Brasileiro cria ‘minicérebros’ com gene de neandertais nos EUA

Reinaldo José Lopes

É difícil evitar o clichê: parece coisa de ficção científica. Hoje, já temos informações detalhadas sobre como era o genoma dos neandertais (Homo neanderthalensis), primos de primeiro grau dos seres humanos de hoje que sumiram há cerca de 30 mil anos. Também sabemos como usar células-tronco para produzir versões em miniatura e muito simplificadas do córtex cerebral (a camada mais externa do cérebro). E sabemos como alterar genes com relativa precisão. Junte tudo isso e você tem o quê? “Minicérebros neandertalizados”, propõe um pesquisador brasileiro que trabalha nos EUA.

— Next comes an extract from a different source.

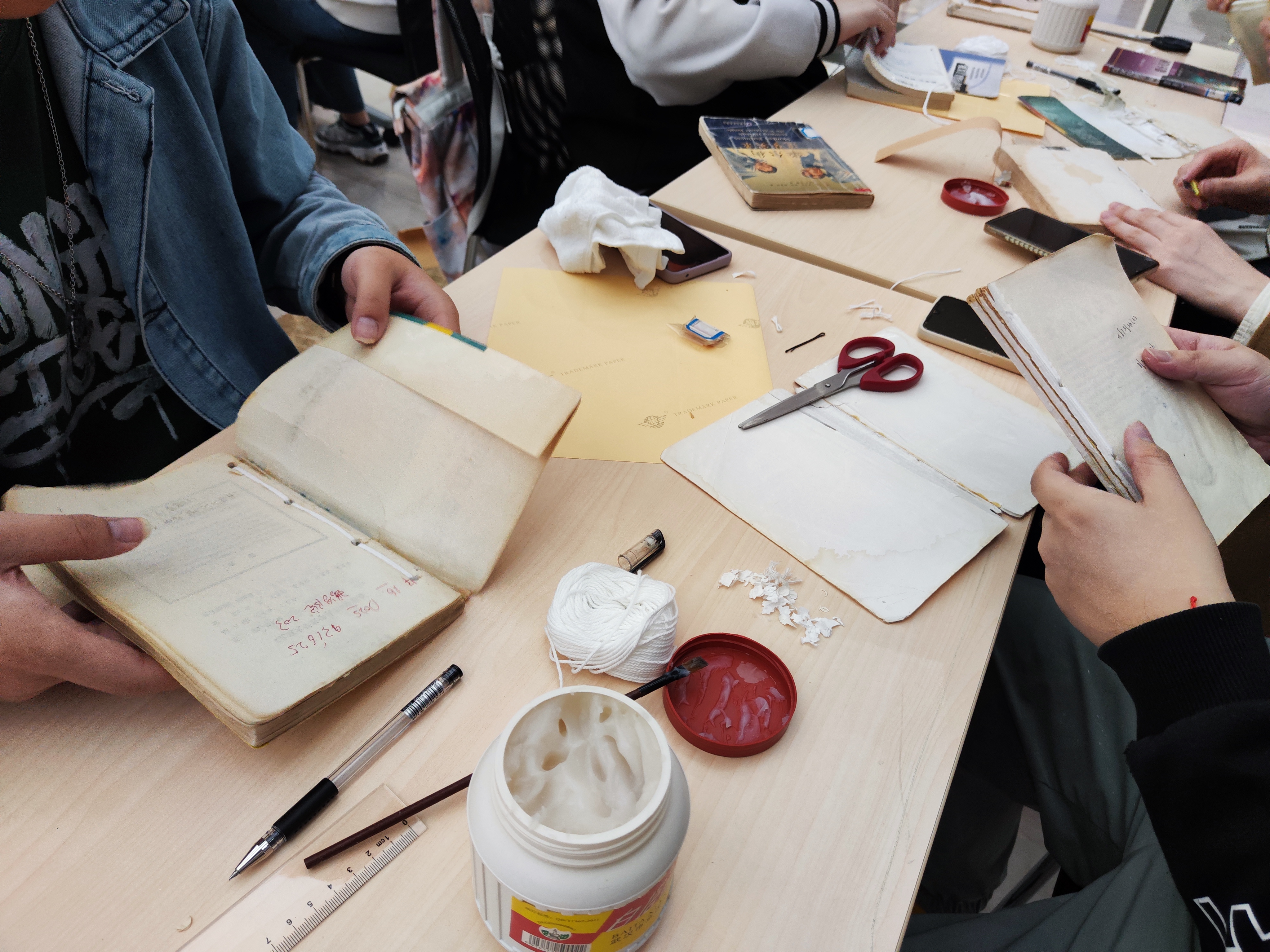 在修书志愿队的同学演示完毕后,支部成员便正式开始修复自己手中的第一本书。从截取装订线,到裁剪接补纸,到最后粘合脱落的书皮,支部成员们聚精会神,热火朝天地工作着。经过一上午支部成员们联合修书志愿队同学们的修补,40余本破损的书籍换上了新装,焕发了新的生机与活力。一本本图书仿佛艺术品一般摞列在一起,散发着思想的魅力。修书如修心,在修复古籍的过程中,我们每个人的心都静了下来,暂时忘却了生活中的烦恼与琐事,全神贯注于艺术品的创作之中。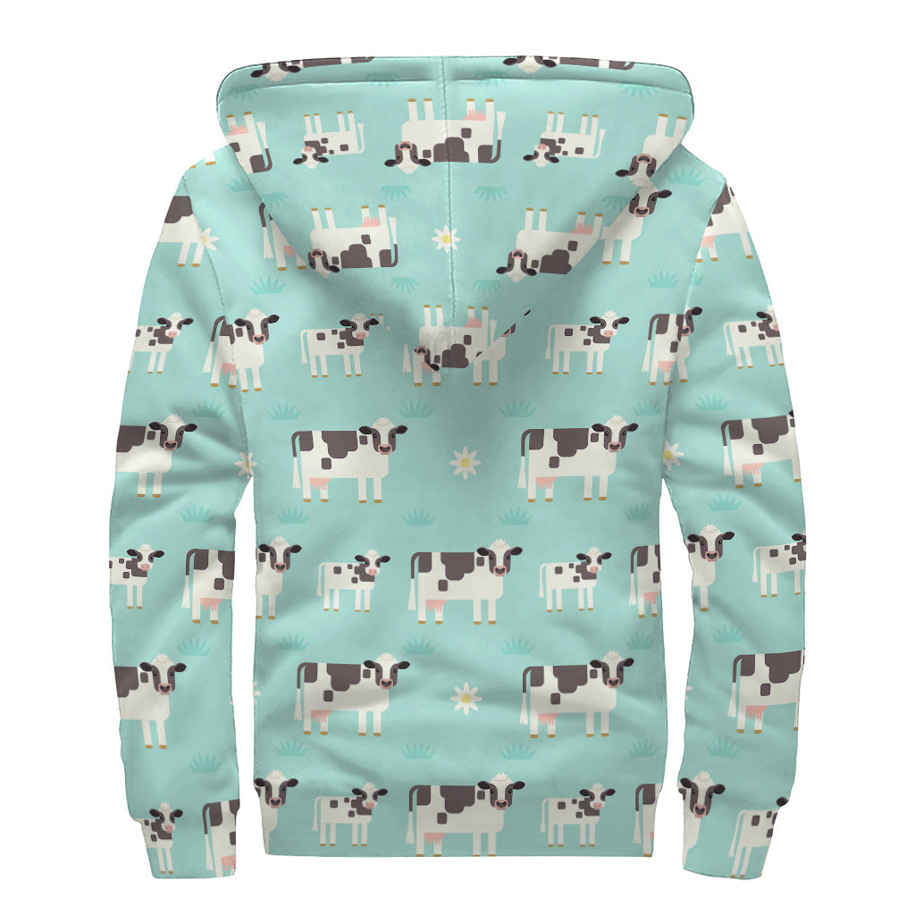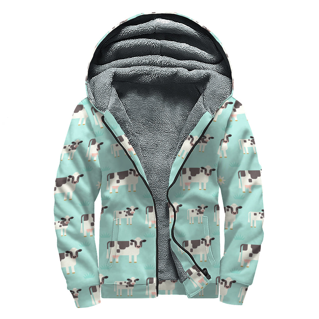 Cute Cow and Baby Cow Pattern Print Sherpa-Lined Zip Up Hoodie for the Free-Spirited Hippie

Isso significa que agora “temos cérebros de neandertais em laboratório”? NÃO, definitivamente não. O trabalho de Alysson Muotri, biólogo paulista que hoje é professor da Universidade da Califórnia em San Diego, investiga apenas um pequeno aspecto de como seria o sistema nervoso de nossos parentes arcaicos — mas ainda assim é interessantíssimo, claro.

Recapitulando, a coisa funciona da seguinte maneira:

1)Muotri e seus colegas fizeram uma comparação da “biblioteca” de genes de humanos e neandertais. A semelhança entre os dois genomas é altíssima, de modo geral, mas aqui e ali existem diferenças, incluindo em trechos do DNA que estão associados ao desenvolvimento do sistema nervoso. Os pesquisadores pinçaram inicialmente um desses genes, o NOVA1. Ele contém a receita para a produção de uma proteína que se liga ao RNA — a molécula-irmã do DNA — apenas em neurônios. Como a presença do RNA é uma medida de como e quando genes estão mesmo “ativos” nas células, a proteína do NOVA1 na verdade atua como uma espécie de chave-mestra para vários outros genes, daí o interesse por ela. E o interessante é que a diferença entre os genomas neandertal e humano nesse gene é de apenas UMA letra química de DNA. Fácil de mexer, em tese.

2)Eles empregaram a técnica de edição de genomas Crispr para fazer justamente essa alteração em células derivadas da pele de pacientes humanos modernos normais (até porque não tinha pele de neandertal pra isso, certo?).

3)As alterações, além de dar a essas células a versão neandertal do gene, também as reverteram a um estudo similar ao embrionário, que permitiu que o desenvolvimento delas fosse direcionado para a formação de células do sistema nervoso.

4)Isso feito, eles usaram técnicas de laboratório bem estabelecidas para fazer com que elas formassem os tais minicérebros ou organoides cerebrais — “neanderoides”, segundo Muotri. Esses órgãos de laboratório possuem uma série de propriedades interessantes, entre as quais a possibilidade de simular as conexões entre as células, ou seja, como elas “conversam”.

5)E, de fato, há uma série de diferenças curiosas entre os minicérebros dos neandertais e os gerados a partir de células humanas. Até o formato é um pouco diferente — e a interação entre os neurônios com o gene neandertal é menos intensa do que entre as células humanas.

Vale ressaltar, e muito, que isso é só o começo. Alterar um único gene está muito, muito longe de nos dizer qual seria a diferença essencial entre neandertais e humanos, ou “o que nos faz humanos”, como diriam os mais grandiloquentes. As condições dos minicérebros em laboratório são muito úteis, mas estão muito distantes de simular um cérebro vivo real. De qualquer modo, podemos aprender muito com eles.